**REQUIREMENT**: Please set down only the lines below starting with the line with "6年生の算数では、場合の数を" and going on through the line with "県内外たくさんの方にいちごを", verbatim and without pictures.
══ MATERIAL PROVIDED
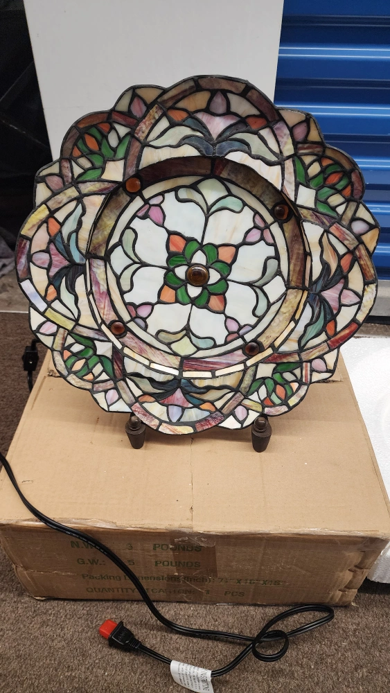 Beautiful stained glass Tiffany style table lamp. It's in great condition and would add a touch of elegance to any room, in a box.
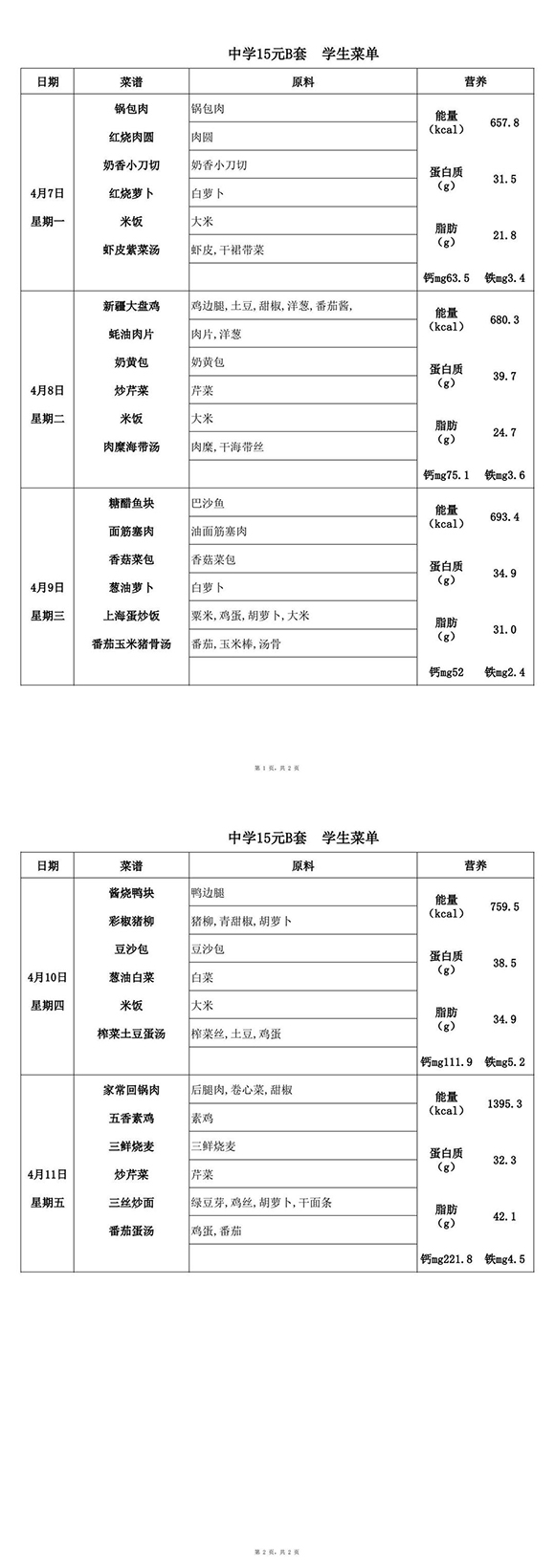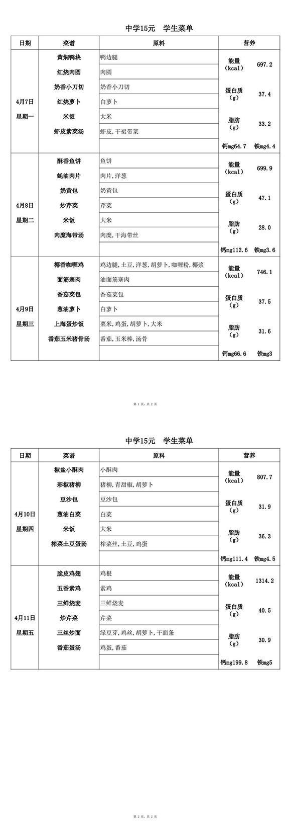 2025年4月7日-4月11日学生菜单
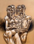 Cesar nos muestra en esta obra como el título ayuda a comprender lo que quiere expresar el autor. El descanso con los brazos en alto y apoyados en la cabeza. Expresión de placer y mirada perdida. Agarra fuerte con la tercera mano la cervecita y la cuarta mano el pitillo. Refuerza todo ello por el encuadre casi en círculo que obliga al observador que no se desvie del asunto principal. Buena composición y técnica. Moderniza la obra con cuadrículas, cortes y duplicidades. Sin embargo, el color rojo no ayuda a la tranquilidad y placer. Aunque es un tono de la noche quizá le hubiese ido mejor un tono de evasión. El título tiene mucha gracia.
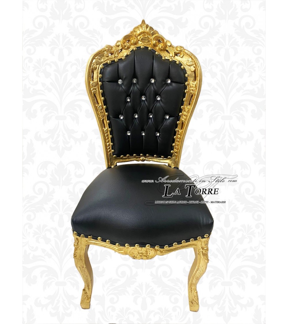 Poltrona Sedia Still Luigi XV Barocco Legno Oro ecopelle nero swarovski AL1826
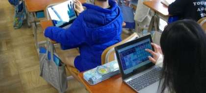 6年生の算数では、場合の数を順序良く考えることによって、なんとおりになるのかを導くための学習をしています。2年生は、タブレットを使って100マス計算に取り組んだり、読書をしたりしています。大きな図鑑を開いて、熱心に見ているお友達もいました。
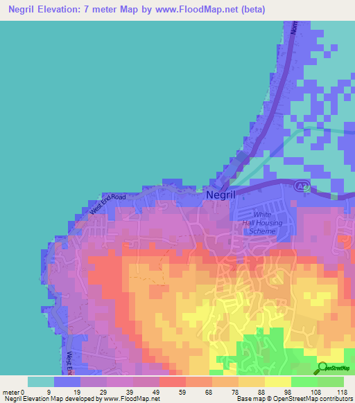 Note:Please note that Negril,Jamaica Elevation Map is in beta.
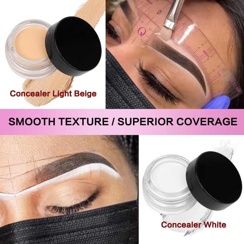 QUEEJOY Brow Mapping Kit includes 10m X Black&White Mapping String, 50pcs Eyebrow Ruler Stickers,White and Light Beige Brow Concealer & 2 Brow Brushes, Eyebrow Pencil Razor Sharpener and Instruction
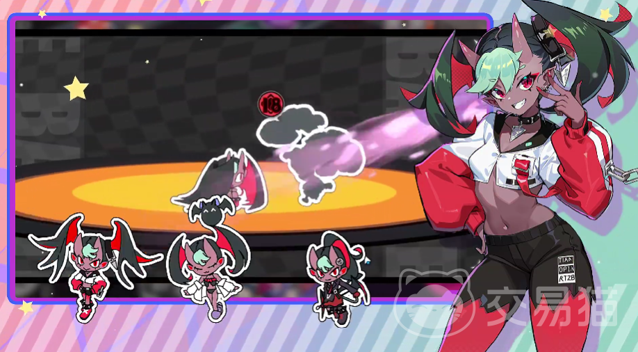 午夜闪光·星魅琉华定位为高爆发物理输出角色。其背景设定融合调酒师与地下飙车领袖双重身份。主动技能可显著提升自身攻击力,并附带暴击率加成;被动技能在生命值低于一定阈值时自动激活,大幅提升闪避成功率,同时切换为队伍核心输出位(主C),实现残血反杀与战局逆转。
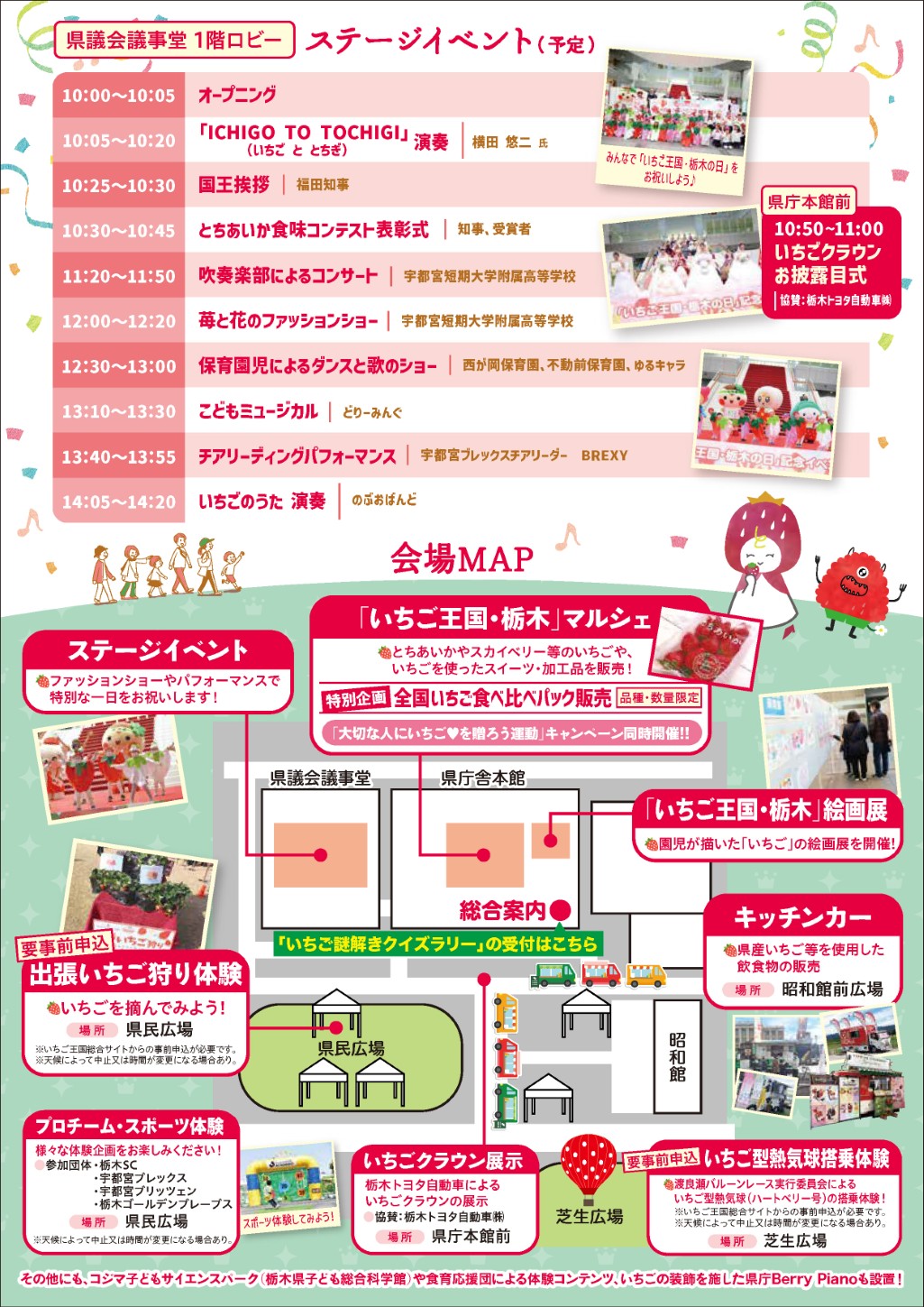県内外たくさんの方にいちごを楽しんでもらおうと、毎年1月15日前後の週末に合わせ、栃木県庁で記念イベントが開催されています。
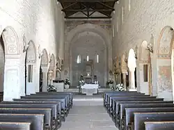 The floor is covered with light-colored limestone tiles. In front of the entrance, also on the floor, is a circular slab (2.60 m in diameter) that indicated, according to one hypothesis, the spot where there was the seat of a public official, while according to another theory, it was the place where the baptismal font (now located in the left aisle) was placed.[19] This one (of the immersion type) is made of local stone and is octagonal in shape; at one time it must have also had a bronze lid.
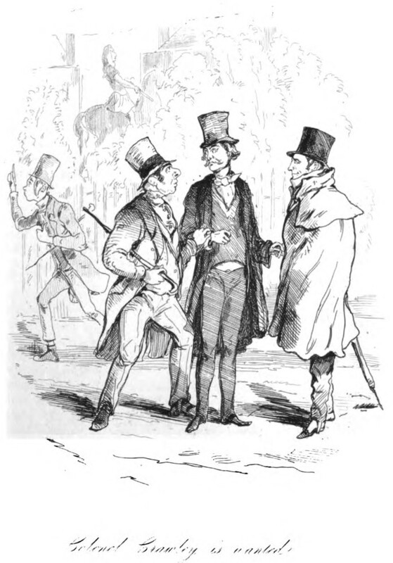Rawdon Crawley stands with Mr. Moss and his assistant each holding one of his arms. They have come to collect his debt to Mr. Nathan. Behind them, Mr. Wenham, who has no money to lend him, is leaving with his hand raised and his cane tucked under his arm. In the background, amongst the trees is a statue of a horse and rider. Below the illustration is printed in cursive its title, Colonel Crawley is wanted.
════
══ MATERIAL PROVIDED
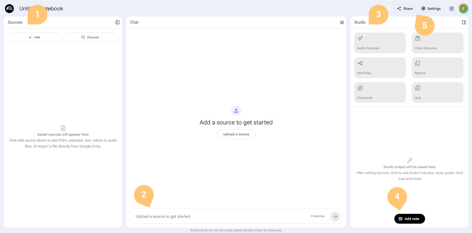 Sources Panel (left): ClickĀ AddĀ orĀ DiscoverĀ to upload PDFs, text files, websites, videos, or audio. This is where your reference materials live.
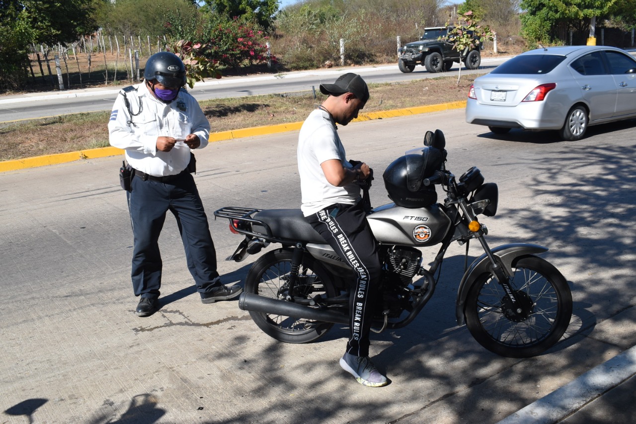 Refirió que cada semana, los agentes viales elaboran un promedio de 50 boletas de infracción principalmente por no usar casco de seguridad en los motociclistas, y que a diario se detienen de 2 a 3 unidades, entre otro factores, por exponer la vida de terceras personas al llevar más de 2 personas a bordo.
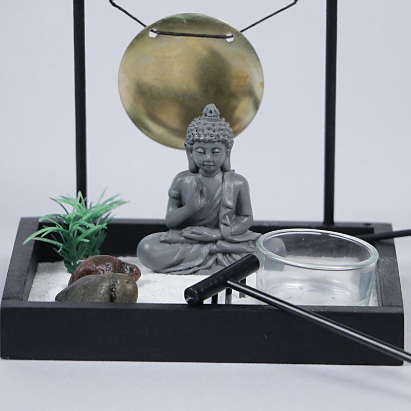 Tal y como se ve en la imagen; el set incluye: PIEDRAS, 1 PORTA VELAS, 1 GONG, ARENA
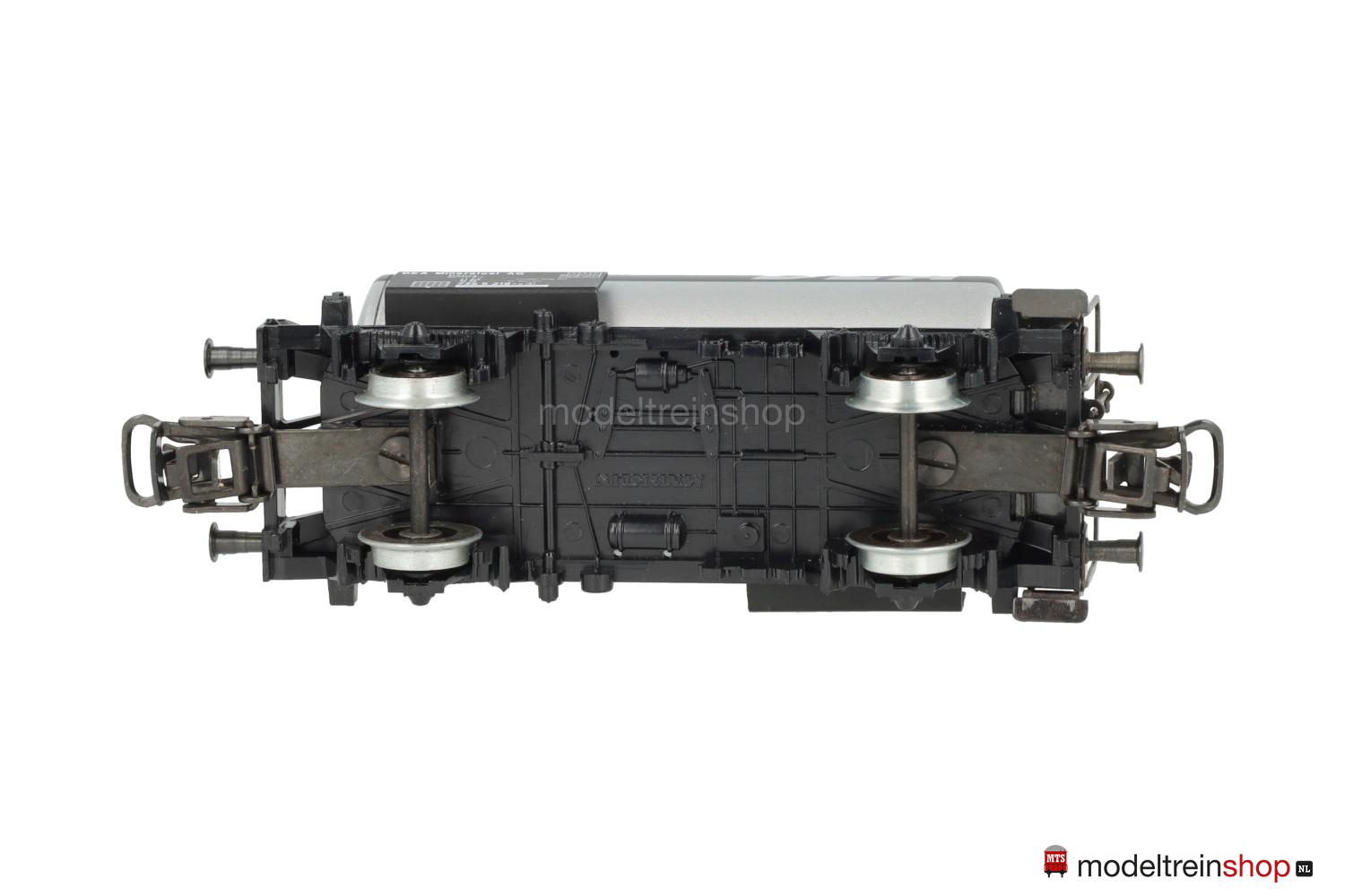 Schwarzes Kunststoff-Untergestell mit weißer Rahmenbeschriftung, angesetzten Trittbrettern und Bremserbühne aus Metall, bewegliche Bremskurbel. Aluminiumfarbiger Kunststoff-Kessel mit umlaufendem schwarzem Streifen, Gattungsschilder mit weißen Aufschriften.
════
══ MATERIAL PROVIDED
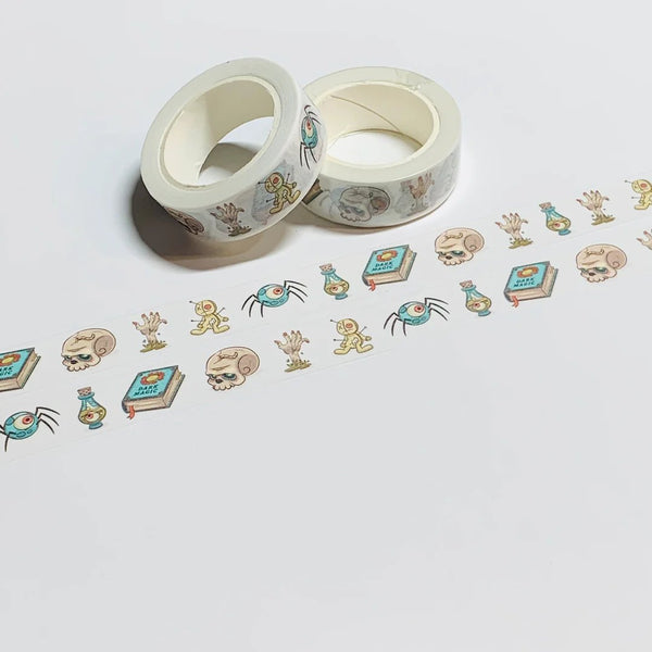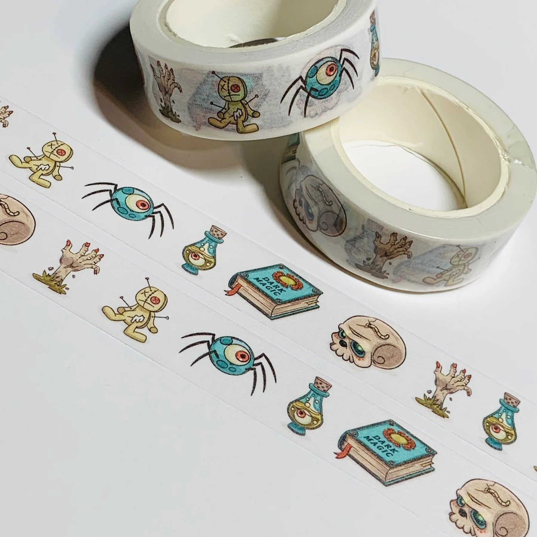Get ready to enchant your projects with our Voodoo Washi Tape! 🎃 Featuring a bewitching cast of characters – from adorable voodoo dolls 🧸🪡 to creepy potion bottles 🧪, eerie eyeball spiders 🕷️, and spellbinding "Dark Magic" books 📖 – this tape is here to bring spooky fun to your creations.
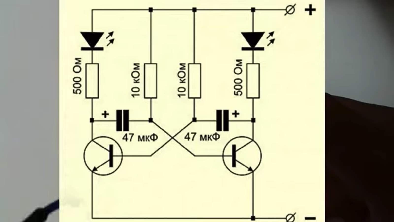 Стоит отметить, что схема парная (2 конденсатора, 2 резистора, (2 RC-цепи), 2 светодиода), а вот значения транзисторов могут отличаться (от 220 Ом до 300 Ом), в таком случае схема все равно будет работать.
════
**RESPONSE AREA**:
 6年生の算数では、場合の数を順序良く考えることによって、なんとおりになるのかを導くための学習をしています。2年生は、タブレットを使って100マス計算に取り組んだり、読書をしたりしています。大きな図鑑を開いて、熱心に見ているお友達もいました。
 Note:Please note that Negril,Jamaica Elevation Map is in beta.
 QUEEJOY Brow Mapping Kit includes 10m X Black&White Mapping String, 50pcs Eyebrow Ruler Stickers,White and Light Beige Brow Concealer & 2 Brow Brushes, Eyebrow Pencil Razor Sharpener and Instruction
 午夜闪光·星魅琉华定位为高爆发物理输出角色。其背景设定融合调酒师与地下飙车领袖双重身份。主动技能可显著提升自身攻击力,并附带暴击率加成;被动技能在生命值低于一定阈值时自动激活,大幅提升闪避成功率,同时切换为队伍核心输出位(主C),实现残血反杀与战局逆转。
県内外たくさんの方にいちごを楽しんでもらおうと、毎年1月15日前後の週末に合わせ、栃木県庁で記念イベントが開催されています。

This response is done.